Who we are
Foundation models have transformed text and images, but structured data - the largest and most consequential data modality in the world - has remained untouched. Tables power every clinical trial, every financial model, every scientific experiment, every business decision. No one has built a foundation model that truly understands them.
Until now. What LLMs did for language, we're doing for tables.
Momentum: We pioneered tabular foundation models and are now the world-leading organization in structured data ML. Our TabPFN v2 model was published in Nature and set a new state-of-the-art for tabular machine learning. Since its release, we've scaled model capabilities more than 20x, reached 3M+ downloads, 6,000+ GitHub stars, and are seeing accelerating adoption across research and industry - from detecting lung disease with Oxford Cancer Analytics to preventing train failures with Hitachi to improving clinical trial decisions with BostonGene.
The hardest work is in front of us. We're scaling tabular foundation models to handle millions of rows, thousands of features, real-time inference, and entirely new data modalities - while building the infrastructure to deploy them in production across some of the most demanding industries on earth. These are open problems no one else is working on at this level.
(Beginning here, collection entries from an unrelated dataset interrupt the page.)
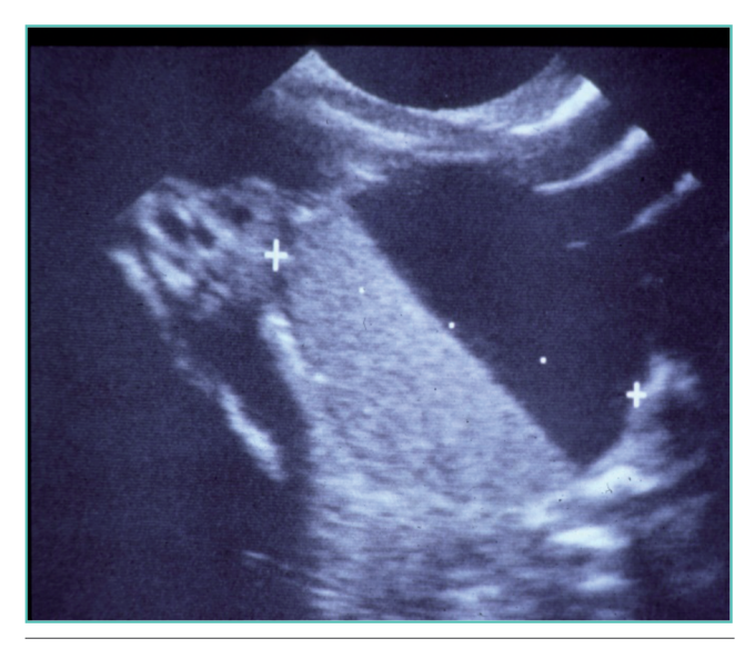
Figure 2. Complex FNOC.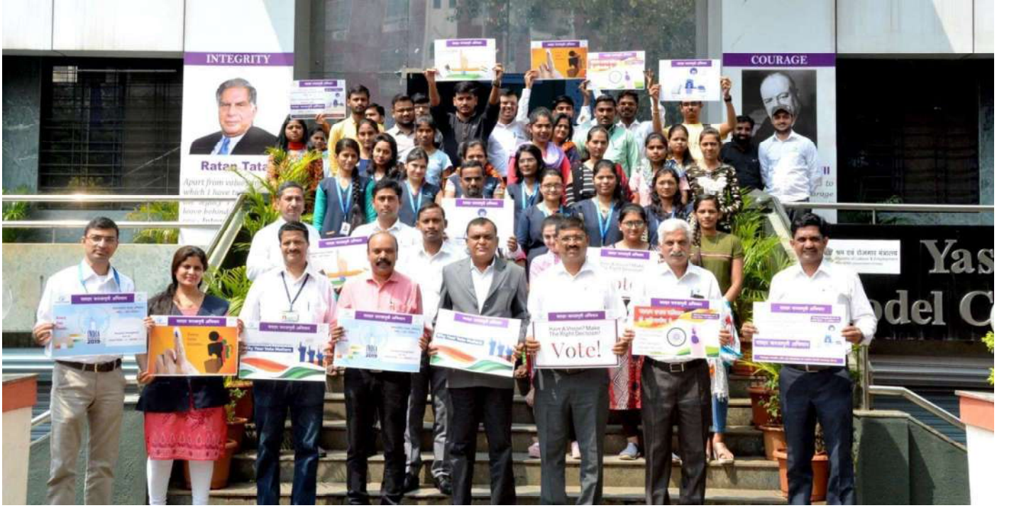
Students and Staff Members along with the Government Officials in Matdar Jan Jagruti Abhiyan-2019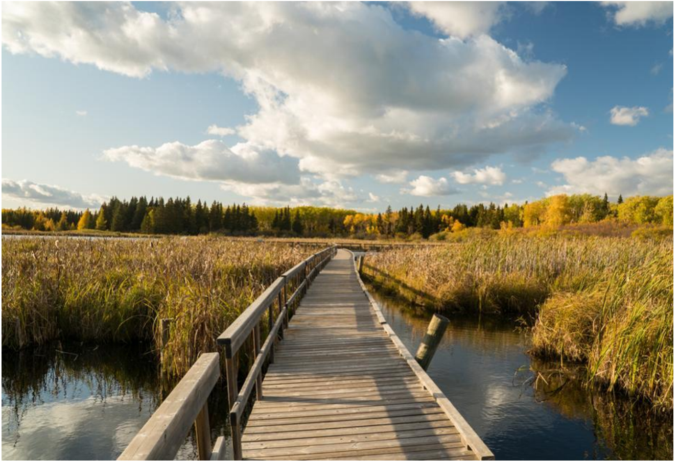
Riding Mountain National Park TRAVEL MANITOBA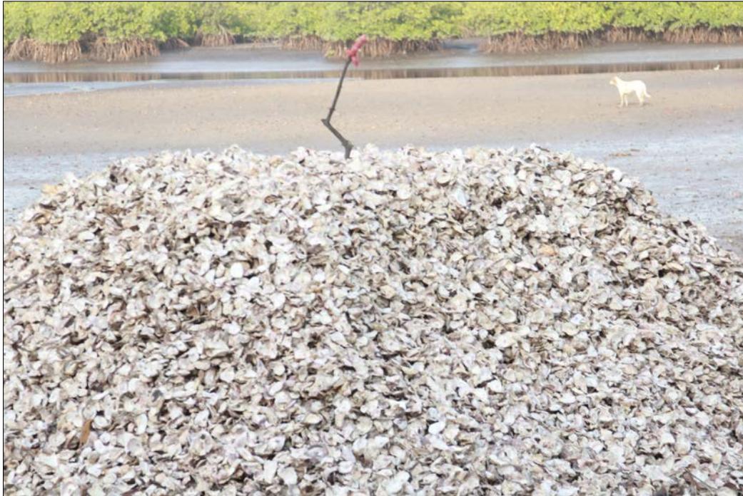
Figure 5. Oyster shells are “banked” by each harvester and sold for uses such as paving material and processing into lime.

Our team: We’re a small, highly selective team of 20+ engineers and researchers, selected from over 5,000 applicants, with backgrounds spanning Google, Apple, Amazon, Microsoft, G-Research, Jane Street, Goldman Sachs, and CERN, led by Frank Hutter, Noah Hollmann and Sauraj Gambhir and advised by world-leading AI researchers such as Bernhard Schölkopf and Turing Award winner Yann LeCun. We ship fast, create top-tier research, and hold each other to an extremely high bar.
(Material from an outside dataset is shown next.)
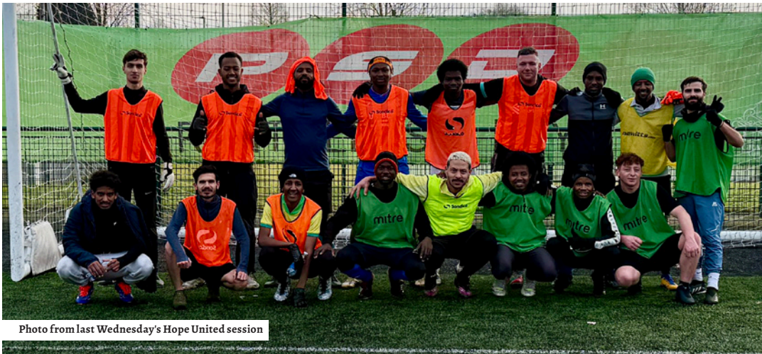
Photo from last Wednesday's Hope United session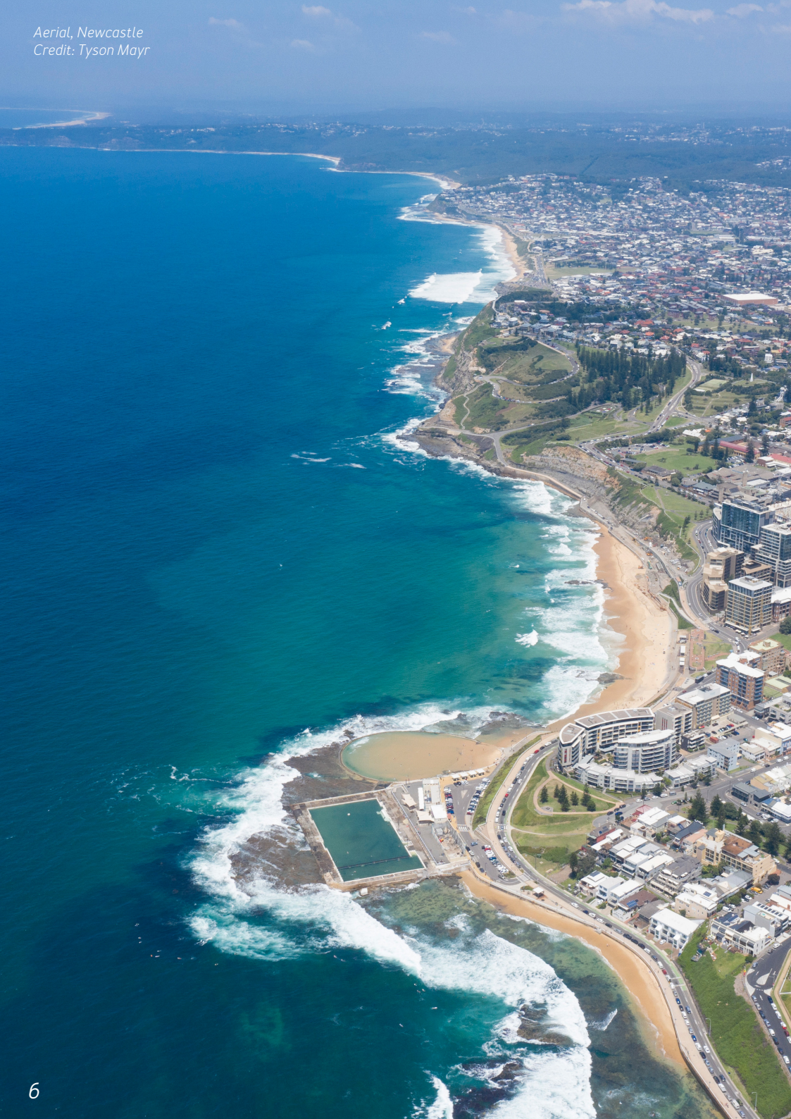
Aerial, Newcastle

What’s Next: In 2025, we raised €9m pre-seed led by Balderton Capital, backed by leaders from Hugging Face, DeepMind, and Black Forest Labs. The next modality shift in AI is happening - and we're hiring the team that makes it.
About The Role
You'll join our data science team working with an entirely new class of AI models. As a Data Scientist at Prior Labs, you'll be the critical link between our foundation models and real-world applications — experimenting hands-on with our tabular foundation models (including TabPFN) to uncover new applications, working directly with customers to show how native tabular AI solves problems traditional methods can't, and translating what you learn back into our product roadmap.
How You'll Drive Impact:
Applied Data Science & Experimentation: Identify high-impact use cases for TFMs and build proof-of-concepts that showcase their advantages over traditional ML. Develop best-practice workflows using capabilities like in-context learning (ICL) and benchmark rigorously against existing approaches.
Customer Success: Work directly with users to understand their challenges and demonstrate TFM value through technical demos tied to real business objectives. Guide onboarding to deliver quick wins and translate user feedback into technical insights for our product team.
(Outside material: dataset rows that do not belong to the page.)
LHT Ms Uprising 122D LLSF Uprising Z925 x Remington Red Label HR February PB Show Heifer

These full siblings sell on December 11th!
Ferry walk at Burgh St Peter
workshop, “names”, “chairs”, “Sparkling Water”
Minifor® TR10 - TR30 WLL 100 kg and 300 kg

Community & Education: Design and deliver workshops, tutorials, and content that explains the tabular foundation model paradigm — how it differs from LLMs and traditional ML, and why it matters. Engage the data science community through Kaggle, GitHub, and public-facing work.
What We're Looking For:
PhD or Master's in a quantitative field, plus 3+ years of experience building and deploying ML/AI in industry, competitive ML, or open-source.
Deep proficiency in Python and the data science ecosystem, with hands-on experience in PyTorch and strong software engineering practices
Ability to translate complex technical concepts into tangible value for both technical and non-technical audiences
Genuine curiosity about new model architectures and a drive to explore what they can do
Nice to Have:
Kaggle Grandmaster, Master, or Expert status
Experience in technical consulting, solutions engineering, MLOps, or developer advocacy
Contributions to open-source libraries or data science tooling
A portfolio of blog posts, talks, or projects that demonstrate strong technical communication
Location
Compensation & Benefits
Competitive compensation package with meaningful equity (We compete with the world's biggest AI companies for talent)
Work with state-of-the-art ML architecture, substantial compute resources, and a world-class team
Annual company-wide offsites to bring the team together (last trip was to the Alps 🏔️)
30 days of paid vacation + public holidays
Comprehensive benefits including healthcare, transportation, and fitness
Support with relocation where needed
Our Commitments
We believe the best products and teams come from a wide range of perspectives, experiences, and backgrounds. That’s why we welcome applications from people of all identities and walks of life, especially anyone who’s ever felt discouraged by "not checking every box."
We’re committed to creating a safe, inclusive environment and providing equal opportunities regardless of gender, sexual orientation, origin, disabilities, or any other traits that make you who you are.